# Doc Chapél In England



## Doc (Apr 11, 2004)

Doc Chapél will be in London from July 23rd through the 28th, and conducting a two day lecture in London England on Saturday and Sunday, July 24th & 25th. Come and have your SubLevel Four Kenpo questions answered in person and physically. For futher information contact Kevin Mills of the British Kenpo Karate Union at: SPIRE0951@aol.com


----------



## Dominic Jones (Apr 11, 2004)

Hi Dr Chapél 

Looking forward to learning from you.

Regards
Dominic:asian:


----------



## Kenpomachine (Apr 11, 2004)

Doc said:
			
		

> Doc Chapél will be in London from July 23rd through the 28th, and conducting a two day lecture in London England on Saturday and Sunday, July 24th & 25th. Come and have your SubLevel Four Kenpo questions answered in person and physically.

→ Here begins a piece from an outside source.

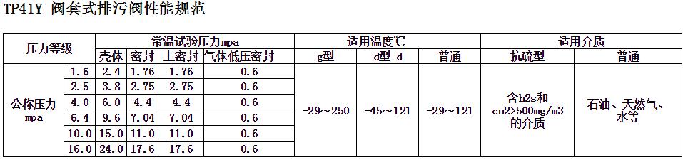 TP41Y型阀套式排污油田阀是一种新型排污截至阀。它采用了阀芯,笼型结构,阀型上开设有平衡孔,阀芯与阀座采用,,所以该阀门具有开启平稳,轻便,密封可靠等优点。特别是该阀门采用双笼型套结构,把介质通道与密封分开设置,保护了密封垫,使该阀门具有更好的耐冲蚀性能及排污性能,大大延长了使用寿命,其使用寿命是原排污阀的两倍以上。

For futher information contact Kevin Mills of the British Kenpo Karate Union at: SPIRE0951@aol.com


 Nice timing! I saw the news in Kenpo Sweden, but they said the seminar is in June.
It's a pity I can't go. This year is being a bit hectic for me


----------



## Doc (Apr 11, 2004)

Kenpomachine said:
			
		

> Nice timing! I saw the news in Kenpo Sweden, but they said the seminar is in June.
> It's a pity I can't go. This year is being a bit hectic for me



The *JULY* date is correct. Ingmar made a mistake he will correct shortly. Don't worry we'll catch you next time.


----------



## Doc (Apr 11, 2004)

Dominic Jones said:
			
		

> Hi Dr Chapél
> 
> Looking forward to learning from you.
> 
> ...


I look forward to learning as well.


----------



## D.Cobb (Apr 14, 2004)

Ok Doc, if you're going that far, you might as well go a little farther, and end up Downunder!!
I know of at least 1 guy who would come to your seminars. 

--Dave

 :asian:


----------



## Doc (Apr 14, 2004)

D.Cobb said:
			
		

> Ok Doc, if you're going that far, you might as well go a little farther, and end up Downunder!!
> I know of at least 1 guy who would come to your seminars.
> 
> --Dave
> ...


I guess it would be me and you then.


----------



## D.Cobb (Apr 15, 2004)

Doc said:
			
		

> I guess it would be me and you then.



Not that there's anything wrong with that....... 


artyon: 

--Dave


----------